Москва не из тех городов, которые красивы с большой высоты, видна неупорядоченность зданий и парков, неуют громадных серых кварталов с хаотичной инкрустацией нелепой роскоши. Зато с высоты умеренной она вполне способна предстать весьма привлекательной, не лишённой особого шика столицей. В тот вечер Москва ослепила меня.
— А это мой сын Серёжа, — сказала Москва голосом Дианы. Она откинула марлечку с лица лежащего в коляске. — Боится перемещений, вот я его и накрываю, как попугая в клетке.
Следом за марлей Диана сняла плед и зажгла люстру. Мальчик в коляске весь был наперекосяк, будто внутри у него разорвалась граната. Как если бы его создали не мама с папой, а художник Пикассо. Пальчики сжимались в кривые горсточки, глазки влажнели безразличием.

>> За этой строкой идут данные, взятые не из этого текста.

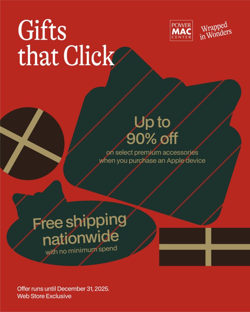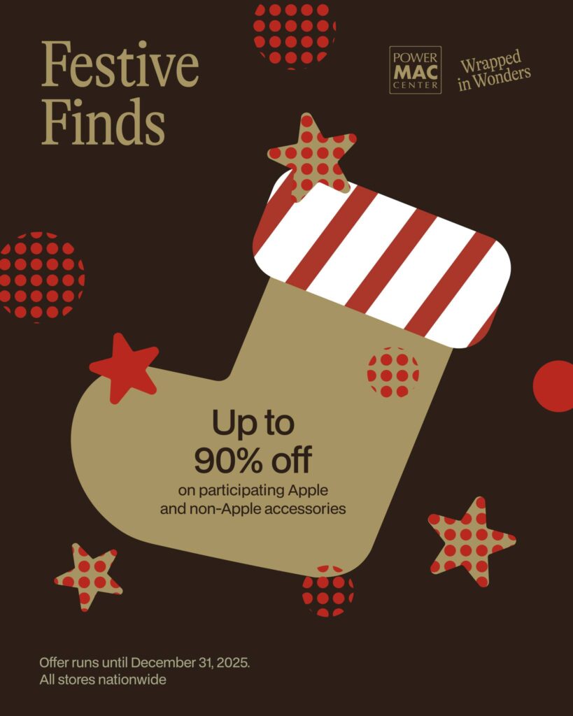 Shopping online also has its perks! Get up to 90% off on select premium accessories when you purchase an Apple device. Plus, enjoy free shipping nationwide with no minimum spend at PMC’s official Web Store <powermaccenter.com>. Promo runs from November 21 to December 31, 2025.

— Родился таким, — сказала Диана.
Теперь в окнах был не город, а сама квартира с её обитателями, папашины иконы, мамашины рушники и я в том числе. Я был поверх башен, дворцов, лачуг и шпилей, поверх парков и задворков промзон. Я был поверх неё, ласковой, отталкивающей и ранимой, поверх самой русской из всех женщин, поверх Москвы.
Вниз я спускался на лифте. Не успел на кнопку нажать, двери сами распахнулись, будто заранее кто вызвал. Я ступил в железный короб и отдался падению.
Выслушав, жена сделала неожиданный вывод:
— Теперь всё ясно, я должна тебе изменить и потом всем об этом рассказывать. И тогда ты разглядишь во мне, чистокровной русской женщине, и внутренний конфликт, и сюжет. Ты даже не представляешь, какой у меня внутренний конфликт. Слишком хорошо тебе со мной живётся, больно идеалистический взгляд сформировался.
С моим лицом, видимо, произошло такое превращение, такие испуг и ужас на нём отразились, что жена, с раскаянием совершенно искренним, тут же принялась меня ласково упрекать в отсутствии чувства юмора и чересчур серьёзном отношении к её шуткам. Да, я такой, к изменам серьёзен, особенно к чужим.
В ту ночь мне не спалось. Я вышел во двор, пошёл по району, по бульвару, густые крыла распушившихся каштанов и лип накрыли меня. Я открыл жене всё, кроме последних слов, сказанных мне Дианой в тот вечер.
— Знаешь, почему ты слушаешь всю мою ахинею? — спросила она напоследок. — Ты меня до сих пор хочешь.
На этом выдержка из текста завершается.